* _EXERCISE DIRECTIONS_
All of the listing must be given again exactly, except that the images are dropped.

* _RECORDED DATA_

== == ==

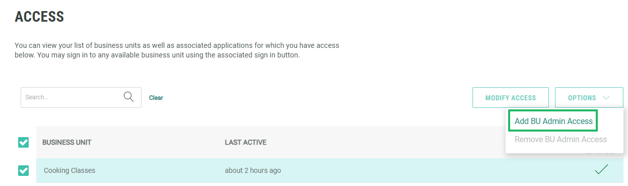 Select Options > Add BU Admin Access.
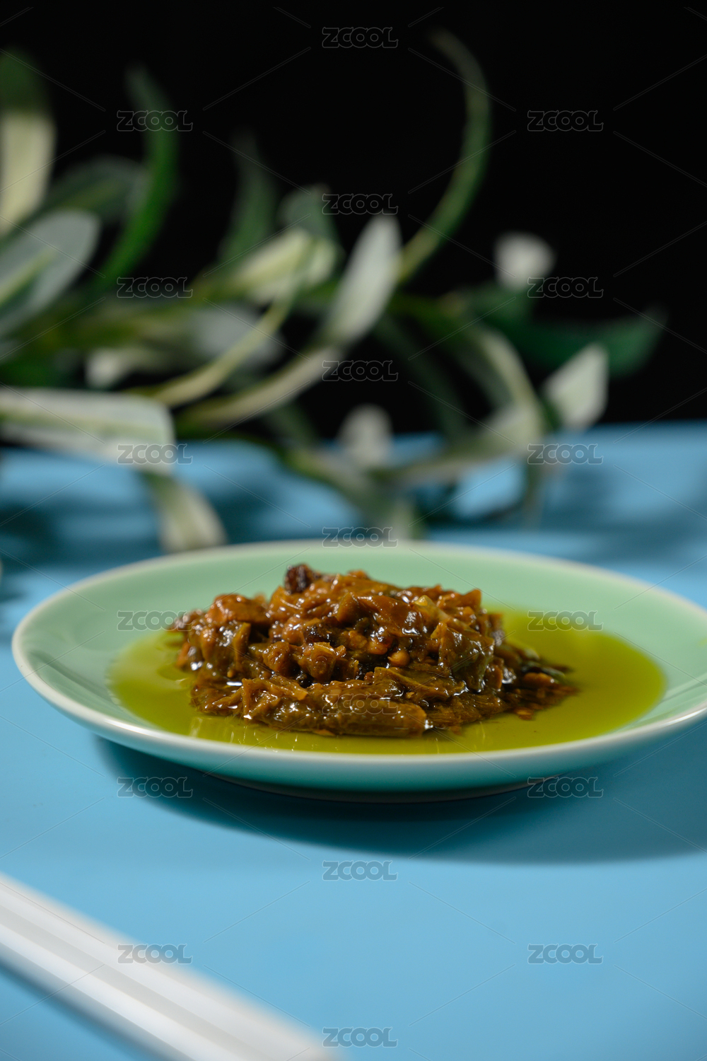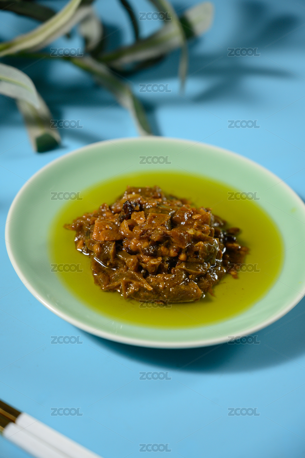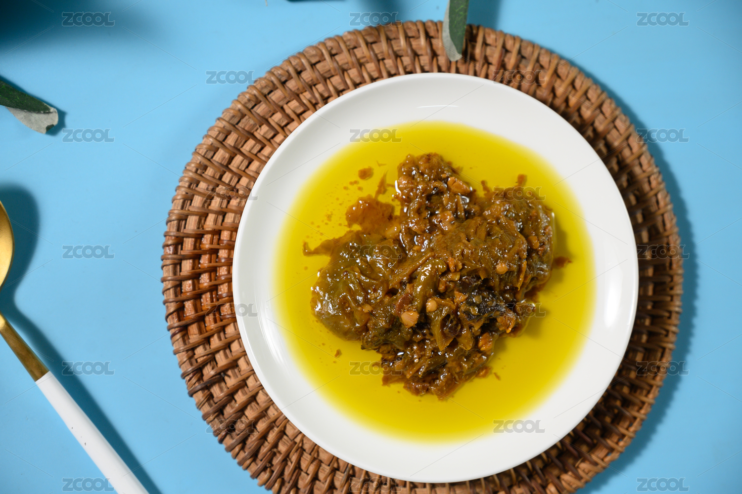桌面上的盘子里的美味可口的擂椒皮蛋酱
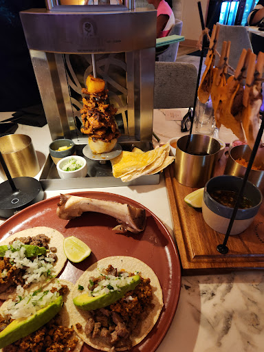The food itself was good, albeit a lot of items were priced seriously high for some reason and I could not decipher why. Also, the portions are really small for the sushi and app items for the price. We tried a little bit of everything on the menus. From the custom cocktails and margaritas, appetizer (Esquites Croquest), a sushi plate off their "secret" menu (some kind of dragon roll), a couple of taco dishes (bone marrow wagyu campechano and the el tendedero de birria), and the trompo al pastor main. Disappointingly, a lot of menu items were not available too, as I was trying to order. This was odd, given they didn't seem all that busy, but that could be due to poor management again.
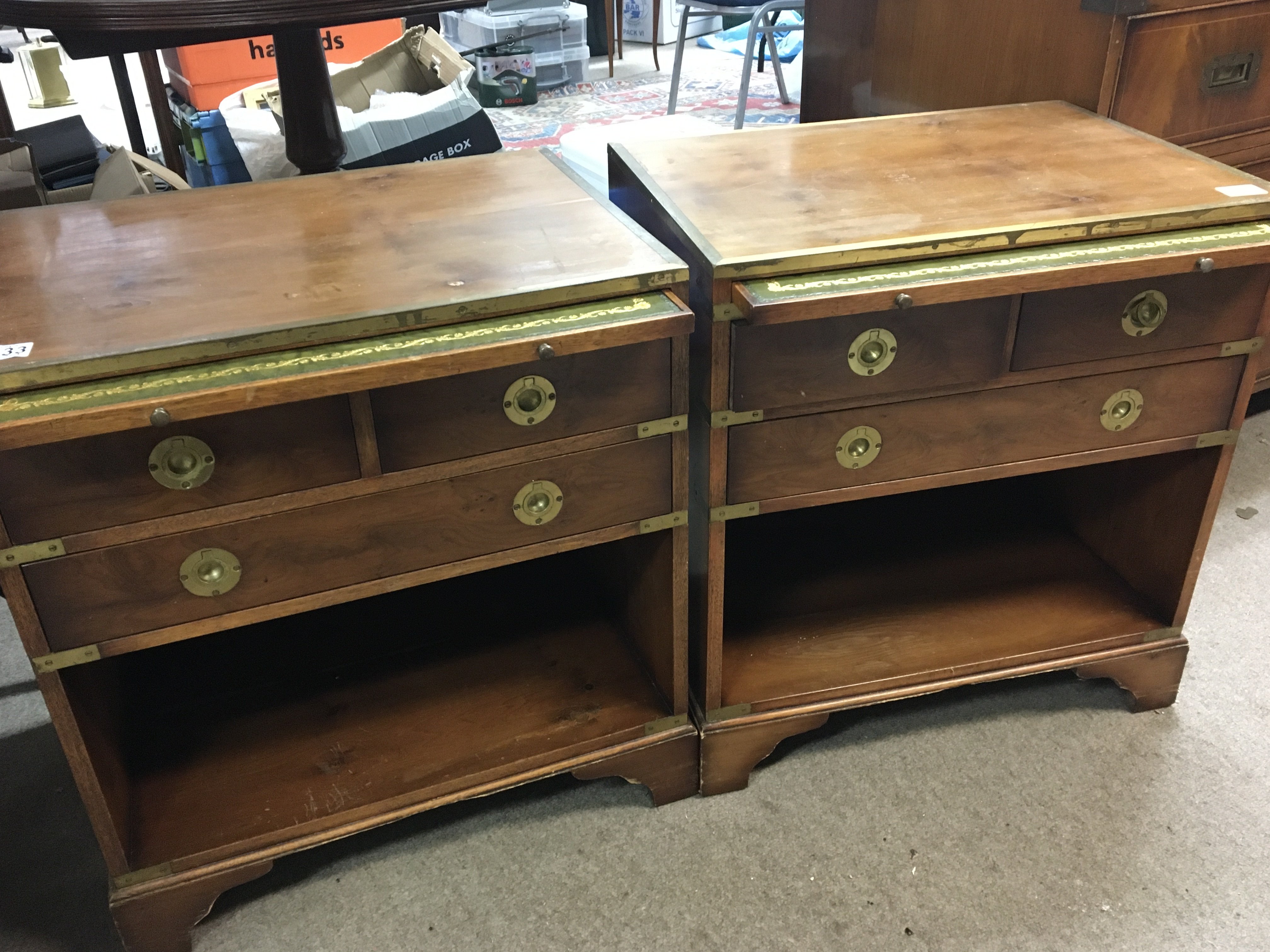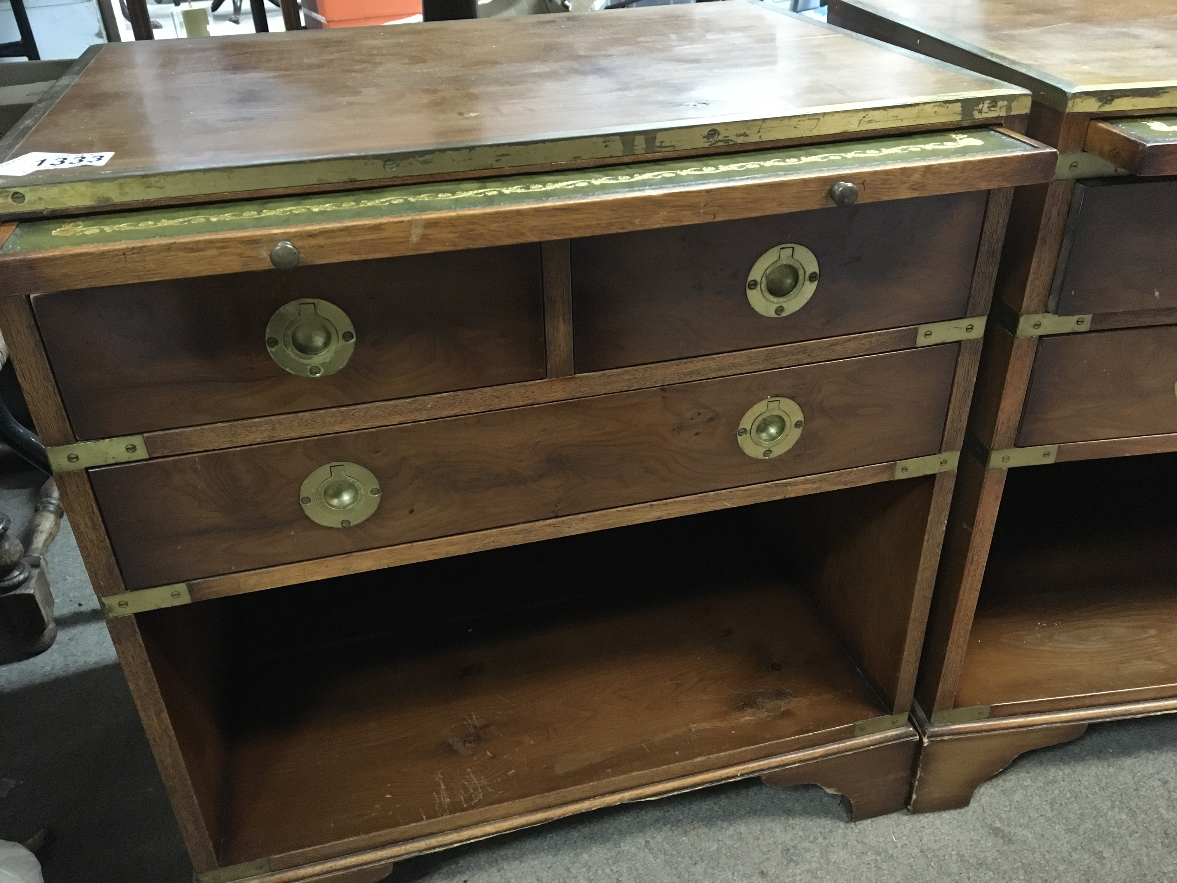 A pair of Yew wood campaign style cabinets with inset brass fittings and tooled leather brushing slides (2)

== == ==

* _EXERCISE RESPONSE_
 Select Options > Add BU Admin Access.
桌面上的盘子里的美味可口的擂椒皮蛋酱
The food itself was good, albeit a lot of items were priced seriously high for some reason and I could not decipher why. Also, the portions are really small for the sushi and app items for the price. We tried a little bit of everything on the menus. From the custom cocktails and margaritas, appetizer (Esquites Croquest), a sushi plate off their "secret" menu (some kind of dragon roll), a couple of taco dishes (bone marrow wagyu campechano and the el tendedero de birria), and the trompo al pastor main. Disappointingly, a lot of menu items were not available too, as I was trying to order. This was odd, given they didn't seem all that busy, but that could be due to poor management again.
 A pair of Yew wood campaign style cabinets with inset brass fittings and tooled leather brushing slides (2)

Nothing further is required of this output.